AI assisted workflow and dataset engineering pipeline for constructing a canonical Chain Indexing (CIDX) refactoring dataset focused on Pandas chained indexing patterns in ML/DL repositories.


Project Overview

This repository contains:

  • extracted Chain Indexing samples
  • taxonomy refinement workflow
  • semantic filtering pipeline
  • refactored code samples
  • validation utilities
  • dataset reconstruction scripts
  • runtime verification workflow

The project was developed as part of the internship:

AI4SE: Application of LLMs in Software Engineering


Research Objective

The primary objective of this work is to construct a high quality canonical Chain Indexing refactoring dataset by:

  • identifying valid Pandas chained indexing patterns
  • filtering non canonical traversal/indexing patterns
  • generating semantically meaningful refactorings
  • validating runtime behavior
  • preserving reproducibility through automated workflows

Canonical Chain Indexing Definition

This project follows a strict canonical interpretation of Chain Indexing.

VALID Canonical Examples

df['A'][0]
df['B'][1] = 10
data['x']['y']

These patterns may introduce:

  • intermediate object creation
  • SettingWithCopy ambiguity
  • readability concerns
  • unintended dataframe modification behavior

Non Canonical Examples (Rejected)

The following patterns are NOT considered canonical Chain Indexing under the refined taxonomy.

Tensor Traversal

tensor[0][0]

Shape Access

shape[0]

Framework Traversal

model.state_dict()[key]

Attribute Traversal

result.logits.shape[0]

Repository Structure

canonical_cidx_refactored_dataset/
│
├── data/
│   ├── raw/
│   ├── processed/
│
├── scripts/
│
├── notes/
│
├── outputs/
│
└── README.md

Dataset Pipeline

Raw Extraction
    ↓
Chain Sample Identification
    ↓
AI Assisted Refactoring
    ↓
Semantic Filtering
    ↓
Canonical Taxonomy Refinement
    ↓
Runtime Verification
    ↓
Final Dataset Merge

Validation Workflow

The validation pipeline combines:

  • AST based syntactic validation
  • semantic/manual inspection
  • runtime verification using Google Colab
  • duplicate detection
  • smell location verification
  • canonical Pandas filtering

Scripts

The scripts/ directory contains utilities for:

  • dataset extraction
  • refactoring entry generation
  • rejection handling
  • duplicate checking
  • smell location inspection
  • runtime verification support
  • dataset merging

Validation Categories

Quantitative Validation

Includes:

  • extracted sample statistics
  • rejected sample counts
  • duplicate analysis
  • final merge statistics

Qualitative Validation

Includes:

  • canonical smell verification
  • semantic preservation checks
  • runtime behavior validation
  • AST based structural validation

Dataset Files

Main Files

File Purpose
merged_dataset.json Master merged recovery dataset
refactoredCIDXStrict_dataset.json Canonical validated dataset
noID_refactored_chain_samples.json Legacy refactored samples without IDs
nonCIDX_refactored_chain_samples.json Mixed taxonomy recovery dataset

Workflow Documentation

Additional workflow notes and validation procedures are available in:

notes/cidx_workflow_document.md


Authors

Robin Bijo

Research Student
VIT Vellore

Answin Mariya

Research Student
NIT Calicut


Mentors

Indulekha K K, PhD

NIT Calicut

Dr.

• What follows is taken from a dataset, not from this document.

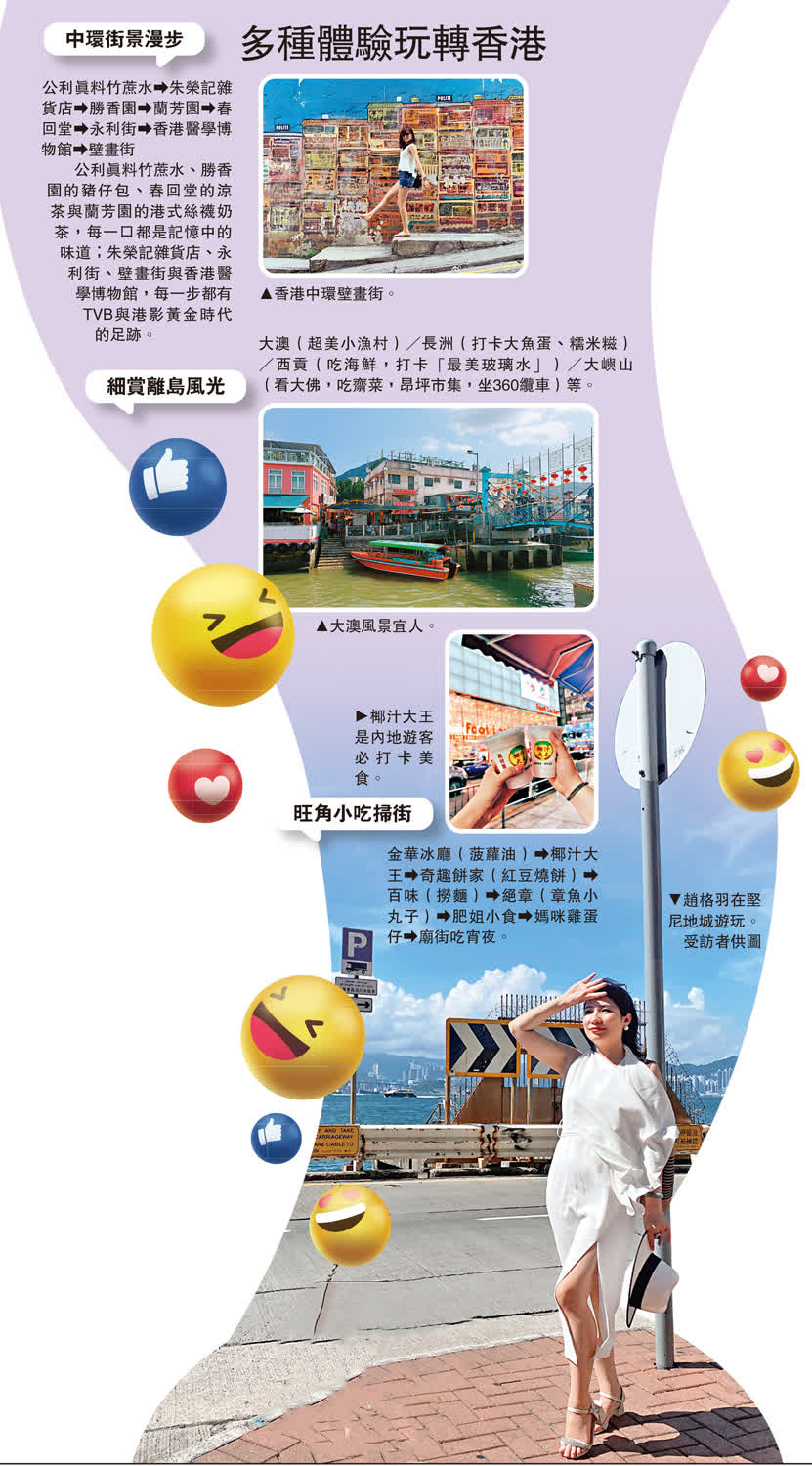 趙格羽說,乘坐地鐵到達旺角後,港片裏那種老香港的感覺撲面而來,林立的廣告牌,各樣的美食,煙火氣十足,有種重回八零年代的感覺。「我在女人街邊吃邊逛,咖喱魚丸和菠蘿油特別好吃,牛雜做得軟爛入味。那種小店特別接地氣,價格也親民。去體驗當地風味的特色小吃,可以感受最真實的香港老百姓生活。我覺得美食也是香港一個非常大的名片。」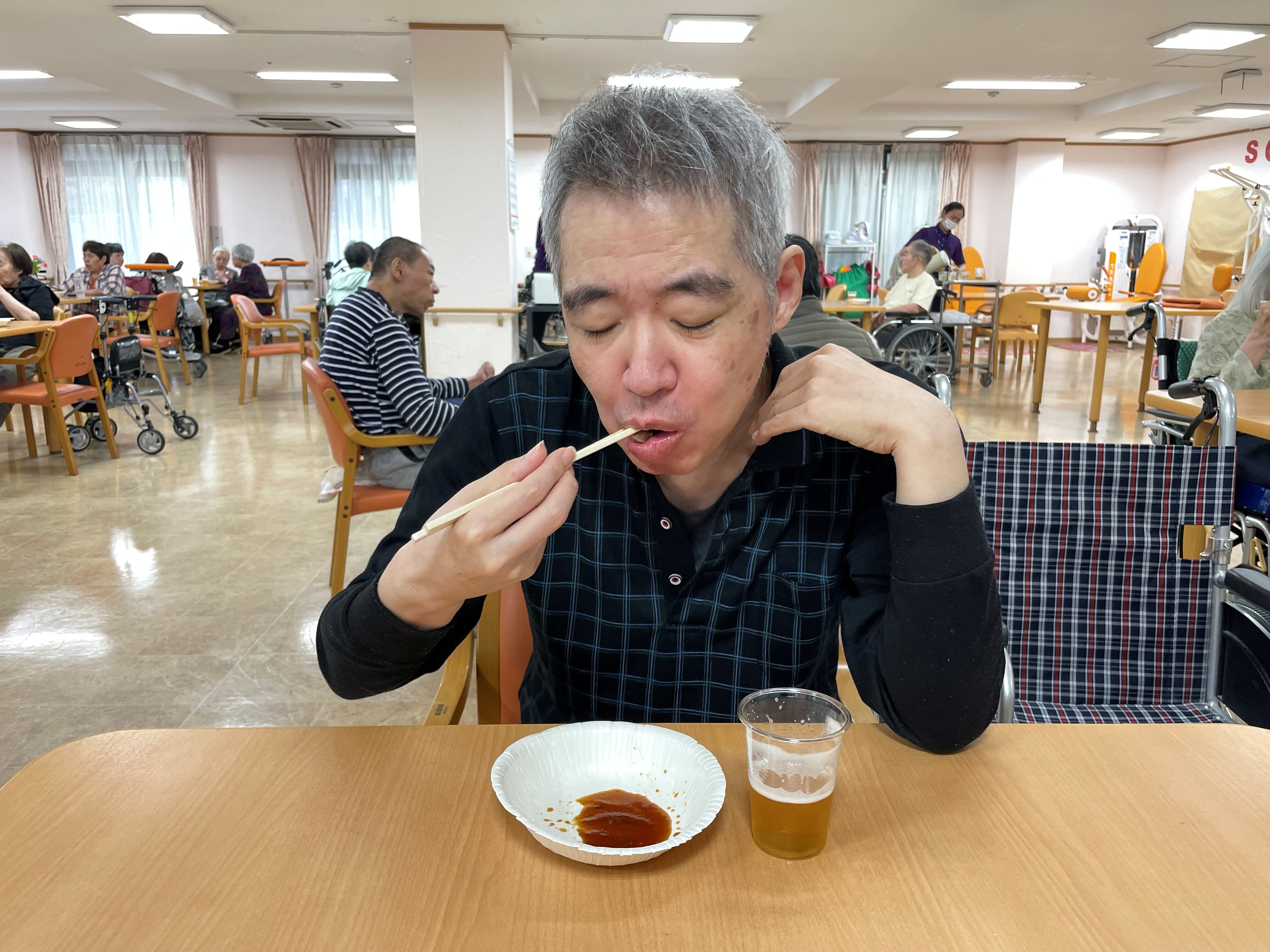 それではビールや梅酒(ノンアルコール)と共に召し上がられている様子をご覧ください♪

Shweta

Assistant Professor
NIT Calicut


Internship

AI4SE: Application of LLMs in Software Engineering


Notes

This repository represents an iterative dataset engineering workflow involving:

  • AI assisted semantic analysis
  • human verified validation
  • taxonomy refinement
  • canonical filtering
  • runtime verification procedures

The final dataset focuses specifically on canonical Pandas chained indexing refactoring patterns.